Meanwhile, in an awful incident, Gora, while mixing clay, gets involved in a holy ecstasy and plods the child under the mud. Furious, Lakshmi vows in the name of the Lord that Gora should not touch her. From there, Gora works on his own, and he suffers from Lakshmi's rejection. Eventually, she arranges his marriage to her sister Manju under the condition set by Lakshmi's father that Gora treat both similarly. Ergo, Gora refuses to touch Manju, but one night, unfortunately, he touches them, being regretful for the sin; he amputates his hands when Panduranga appears as a potter Ranganna and starts serving him. During that time, Namadeva realizes Gora is his mentor, bows his head down, and divulges Ranganna's true self. At last, the Lord completes his test of Gora, restores his hands, returns his child, and removes his vow. Finally, the movie ends with Gora nobilitated immortal as an advent devotee of Panduranga.

==Cast==
- Akkineni Nageswara Rao as Gora Kumbhar / Gora
- Vanisri as Lakshmi
- Jaya Prada as Manju
- Satyanarayana as Namadeva
- Ramakrishna as Lord Panduranga / Ranganna
- Gummadi as Lakshmi's father
- Allu Ramalingaiah as Sangoji
- Rajababu as Devada
- Mukkamala as Saint
- Nagaraju as Gynadeva
- Mada as Basavanna
- Mallikarjuna Rao
- Vennira Aadai Nirmala as Rukmini
- Rama Prabha as Tulasamma
- Jaya Malini as item number

==Soundtrack==

Music was composed by G. K. Venkatesh who was also the composer of the Kannada version. Four songs were retained from the original Kannada versions whereas another song was based on a Kannada song from Bangaarada Manushya movie composed by the same music director.
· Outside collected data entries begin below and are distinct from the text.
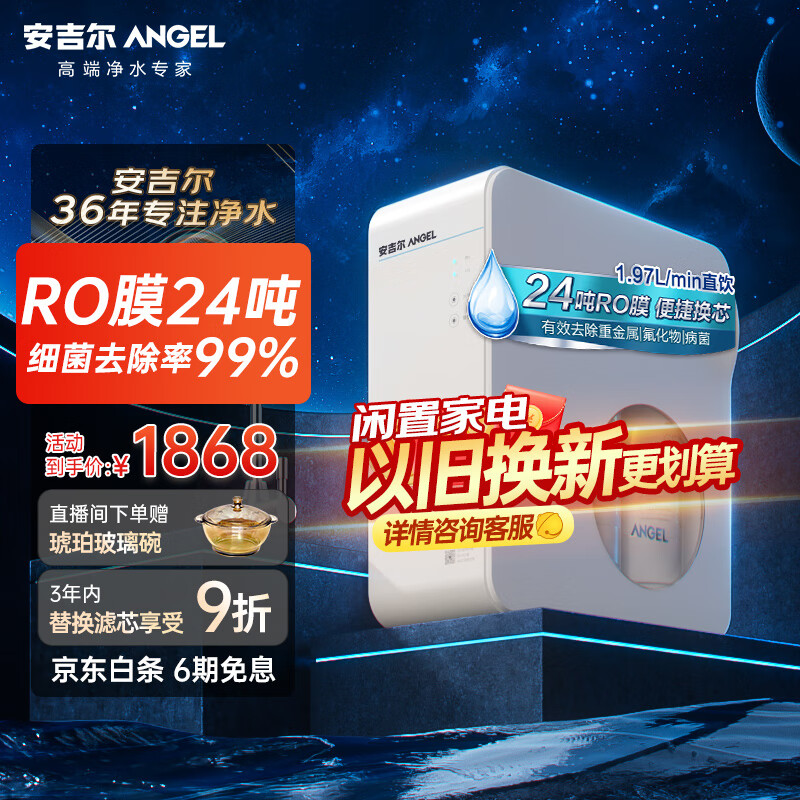 安吉尔净水器家用魔方Pro1900升级1.97/分钟大流量直饮长效RO反渗透无桶厨下式纯水机J3472-ROB90价格:1868.00元!
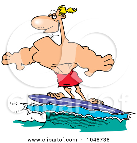 Buff clipart: Cartoon Buff Surfer Riding A
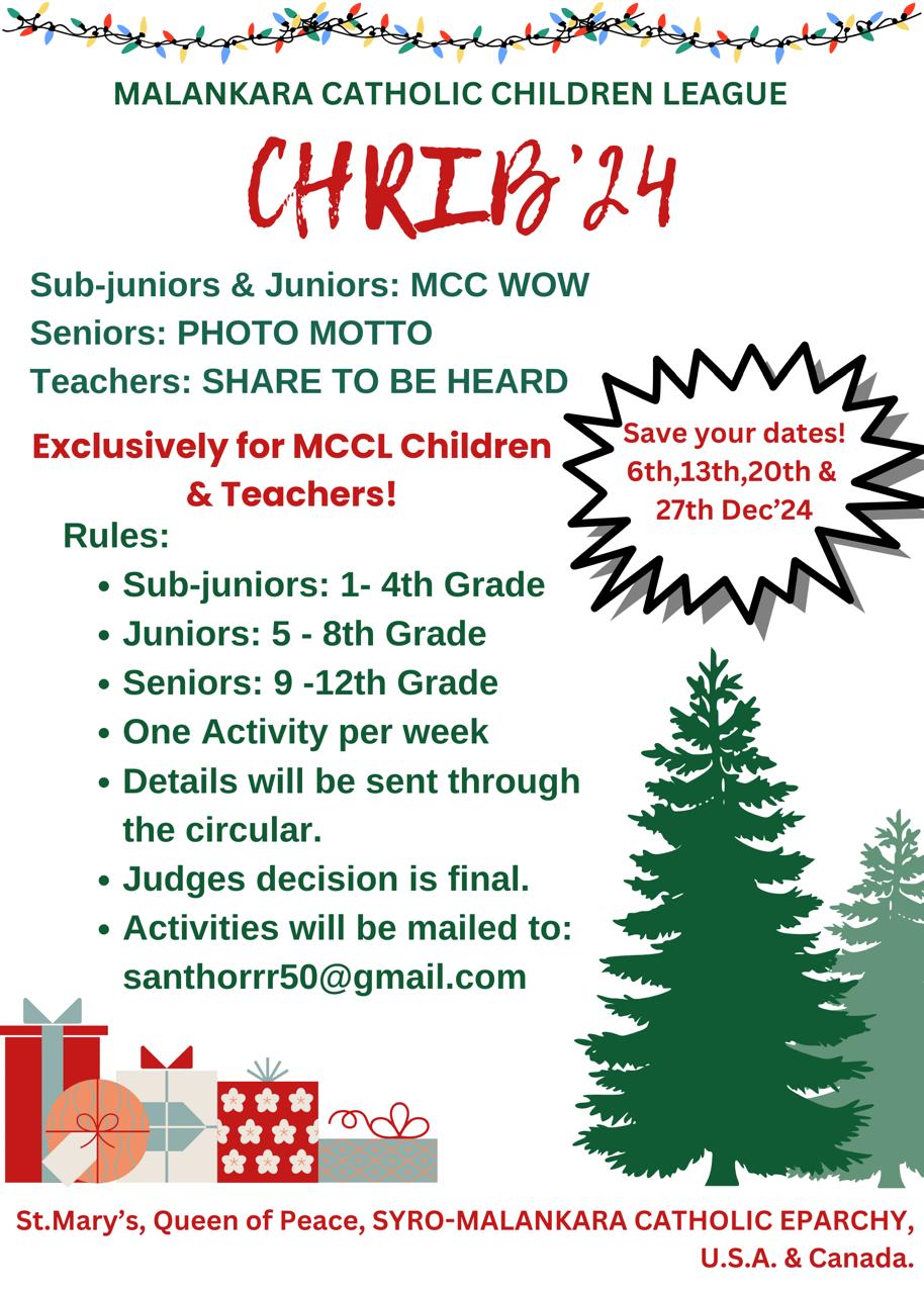 The Malankara Catholic Children League (MCCL) invites all children and teachers to participate in CHRIB'24, a joyous and engaging Christmas activity series. This program is specially designed to nurture creativity, spirituality, and festive cheer!
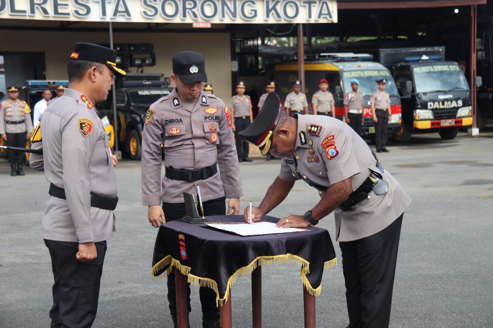 Transisi Jabatan Wakapolresta Salah satu agenda utama adalah penyerahan jabatan Wakapolresta Sorong Kota dari AKBP Mathias Yosia Krey, S.Pd.. AKBP Mathias Yosia Krey kini mengemban amanah baru sebagai Kabid Propam Polda Papua Barat Daya. penyerahan Jabatan Wakapolresta Sorong Kota ditandai dengan penanggalan tanda jabatan oleh Inspektur Upacara dan penandatanganan naskah berita acara penyerahan jabatan.
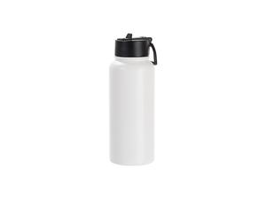 Laserable Blanks 32oz/950ml Powder Coated SS Flask w/ Wide Mouth Straw Lid & Rotating Handle(White)
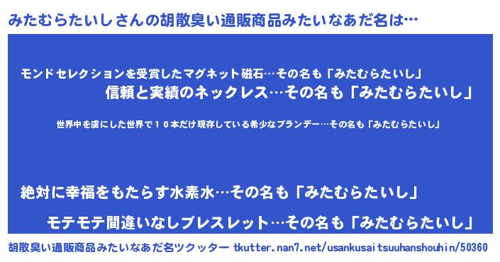 | 意味不明あだ名 | 『住所不定無職みたむらたいし(98歳)』 |
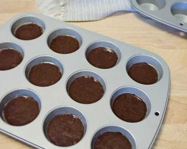 Rocíe la lata del mollete con galleta o frotar en mantequilla. Hacer el brownie mix según el paquete y llenar cada taza hasta llenarla 3/4.
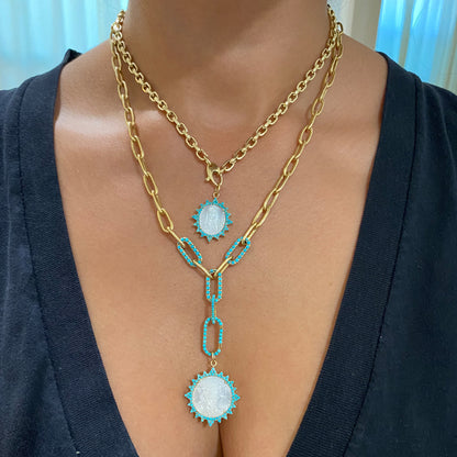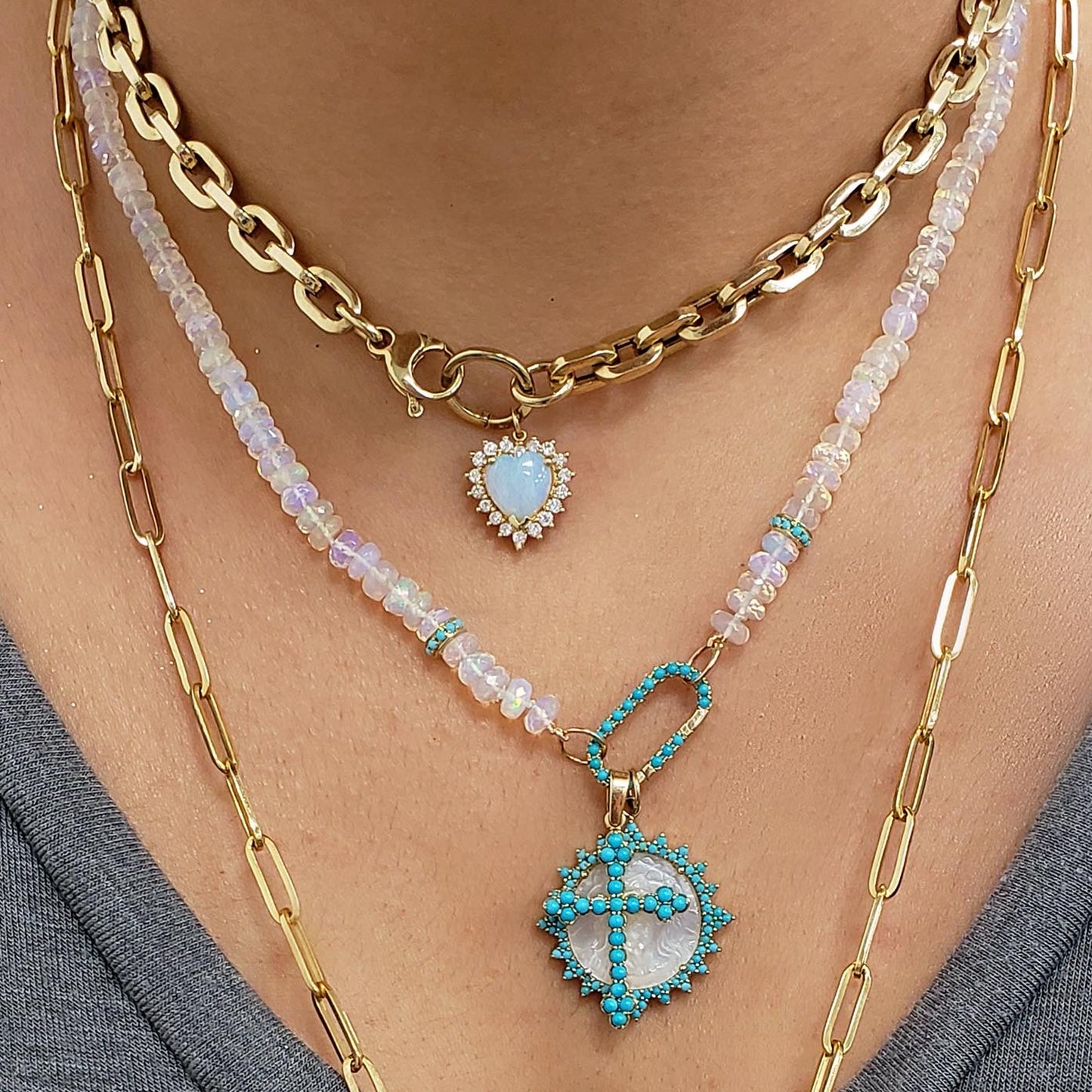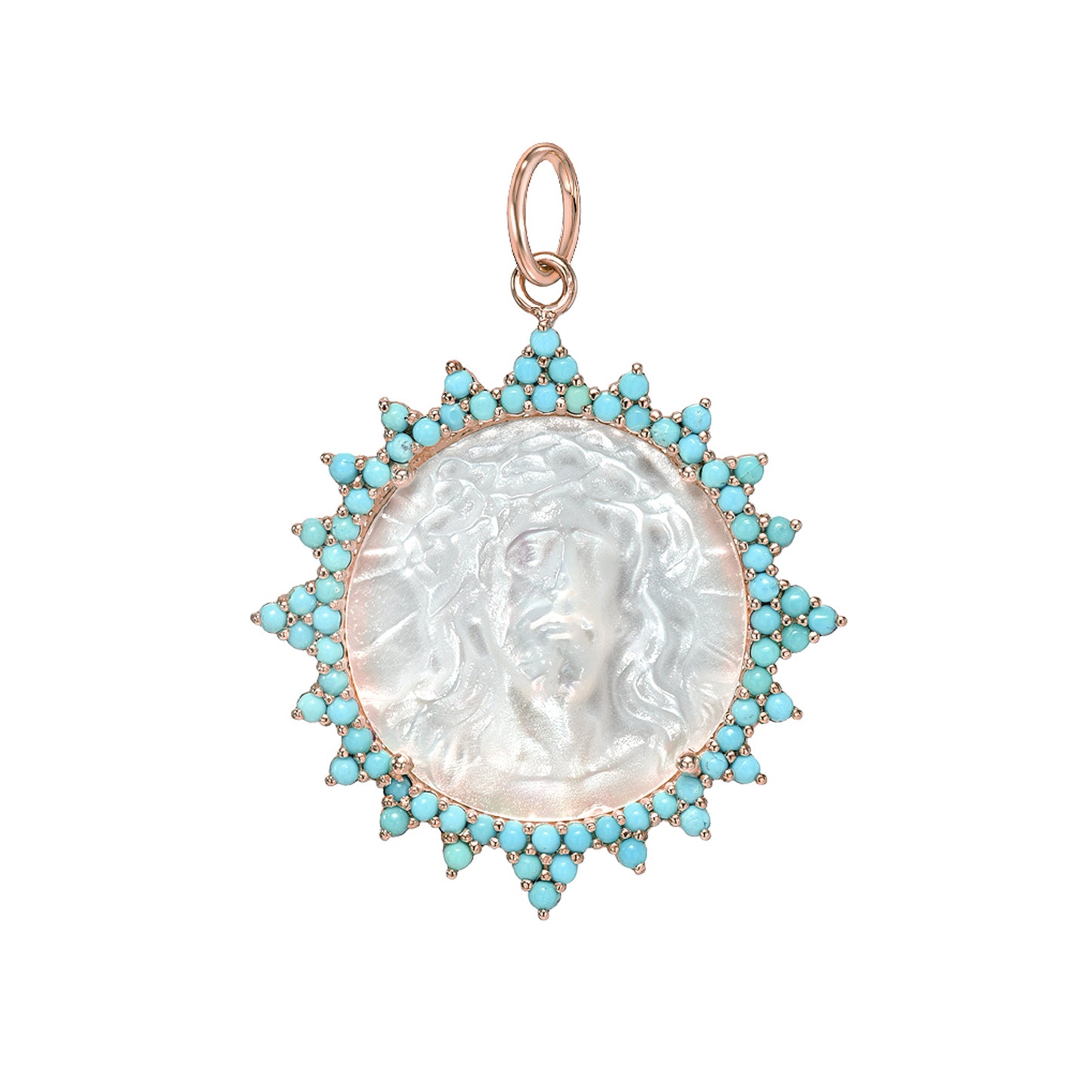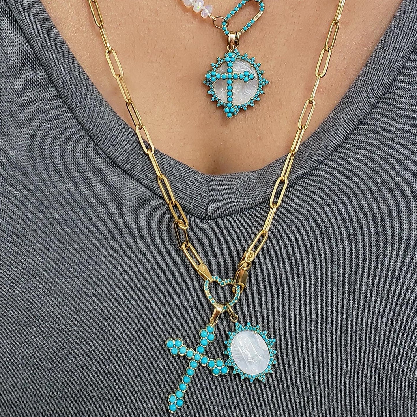 14K Gold Jesus Christ Miraculous Medal Mother of Pearl & Starburst Pavé Turquoise Charm Pendant, LIMITED EDITION
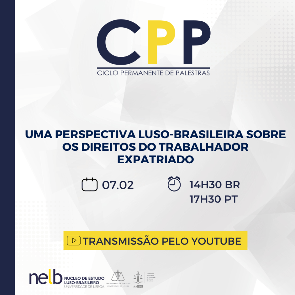 No dia 7 de fevereiro de 2023, o NELB – Núcleo de Estudo Luso-Brasileiro da Faculdade de Direito da Universidade de Lisboa, realizará mais uma edição do CPP- Ciclo Permanente de Palestras, tendo por tema a “Uma perspectiva luso-brasileira sobre os direitos do trabalhador expatriado”

| S. No. | Song title | Lyrics | Singers | length | Original |
| 1 | "Kanugontini Harini" | Acharya Aatreya | V. Ramakrishna | 5:47 | Kande Hariya Kande |
| 2 | "Naalo Evevo Vinthalu" | C. Narayana Reddy | P. Susheela | 4:19 | Aaha Mysooru Mallige from Bangaarada Manushya |
| 3 | "Manava Emunnadi Ee Deham" | Acharya Aatreya | V. Ramakrishna | 3:58 | Manava Dehavu Moole Mamsada Thadike |
| 4 | "Harinamame Madhuram" | Acharya Aatreya | V. Ramakrishna | 4:20 | Hari Namave Chanda |
| 5 | "Vitthala Vitthala Panduranga Vitthala" | Acharya Aatreya | S. P. Balasubrahmanyam | 3:42 | Vitala Vitala Panduranga Vitala |
| 6 | "Ekkadunnavu" | Acharya Aatreya | V. Ramakrishna | 5:01 |
| 7 | "Pora Pokiri Pilagada" | Acharya Aatreya | P. Susheela | 4:16 |
| 8 | "Ide Prathi Jeeviki" | Acharya Aatreya | P. B. Srinivas | 2:07 |
| 9 | "Nuvvevarayya Nenevarayya" | Acharya Aatreya | V. Ramakrishna | 3:42 |  |

==Other versions==
The story of Gora Kumbhar has been an inspiration for various movies and has had various versions in Indian film industry.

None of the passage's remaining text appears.